If a ball is thrown in the air with a velocity 52 ft/s, its height in feet t seconds later is given by y = 52t - 16t^2. Find the average velocity ofr the time period beginning when t = 2 and lasting 0.5 second. ft/s 0.1 second. ft/s 0.05 second. ft/s 0.01 second. ft/s Estimate the instantaneous velocity when t = 2. ft/s

a.) - 20ft/s

b.) - 13.6ft/s

c.) - 12.8ft/s

d.) - 12.16ft/s

e.) - 12ft/s

Step-by-step explanation:

Average Velocity = Change in distance/change in time.

Distance from the question in given in form of t as y = 52t - 16t² If our initial time is 2, distance travelled at t=2 is given as

Y (2) = 52 (2) - 16 (2) ² = 104 - 64

Y = 40ft.

For question a, when change In t is 0.5 seconds, that is from 2 sec to 2.5 seconds,

Average velocity = y (2.5) - y (2) / 0.5

y (2.5) = 52 (2.5) - 16 (2.5) ² = 130 - 100 = 30

Y (2) = 40

Average velocity in 0.5 seconds = [30 - 40]/0.5 = - 20ft/s.
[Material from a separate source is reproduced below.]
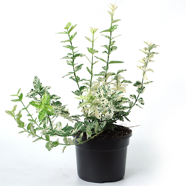 Листья: пёстрые, овальной формы, зубчатые по краям, супротивно расположенные, эллиптические, или округло-яйцевидные, длиной 4 см и шириной 2,8 см, темно-зеленые с яркими бело-кремовыми вкраплениями. Новый рост листьев чисто белый, потом с розовым оттенком зимой.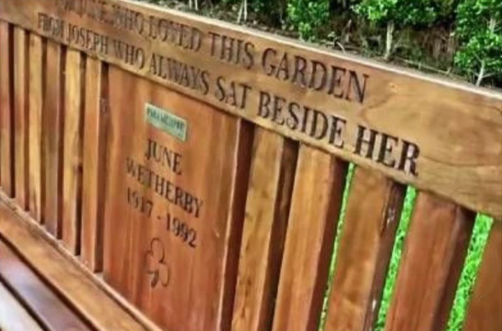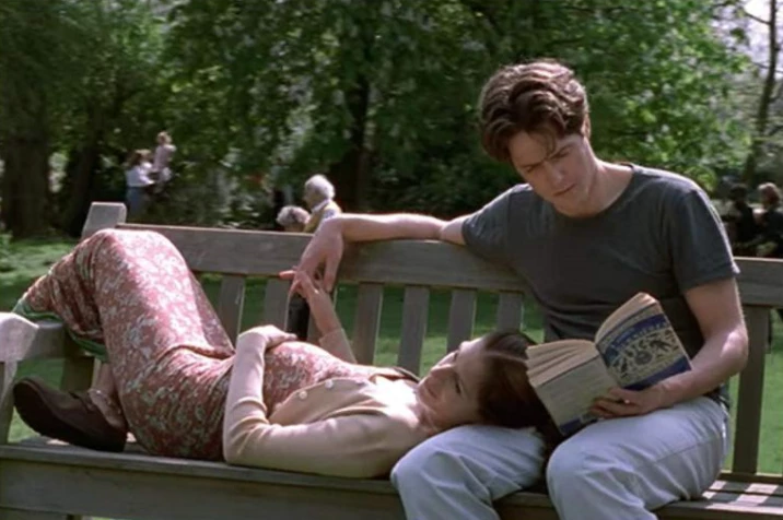 En la recordada escena del film, Julia Roberts y Hugh Grant están sentados en un banco donde se puede leer la inscripción: “Para June quien amaba este parque, para Joseph quien se sentaba junto a ella” (en inglés). Luego, en el banco se puede leer: “June Wetherby 1917-1992″.

For question b, when change In t is 0.1 seconds, that is from 2 sec to 2.1 seconds,

Average velocity = y (2.1) - y (2) / 0.1

y (2.1) = 52 (2.1) - 16 (2.1) ² = 109.2 - 70.56 = 38.64

Y (2) = 40,

Average velocity in 0.1 seconds = [38.64 - 40]/0.1 = - 13.6ft/s.

For question c, when change In t is 0.05 seconds, that is from 2 sec to 2.05 seconds,

Average velocity = y (2.05) - y (2) / 0.05

y (2.05) = 52 (2.05) - 16 (2.05) ² = 106.6 - 67.24 = 39.36

Y (2) = 40

Average velocity in 0.05 seconds = [39.36 - 40]/0.05 = - 12.8ft/s.

For question d, when change In t is 0.01 seconds, that is from 2 sec to 2.01 seconds,

Average velocity = y (2.01) - y (2) / 0.01

y (2.01) = 52 (2.01) - 16 (2.01) ² = 104.52 - 64.6416 = 39.8784

Y (2) = 40

Average velocity in 0.5 seconds = [39.8784 - 40]/0.01 = - 12.16ft/s.

Instantaneous velocity at t = 2 is derived by getting the first derivative of y and inserting Our value of t=2 into the first derivative.

If y = 52t - 16t², then derivative of y becomes y' given as

y' = 52 - 32t

At t = 2,

y' = 52 - 32 (2) = 52 - 64 = - 12ft/s.

Instantaneous velocity at t=2 is given as - 12ft/s.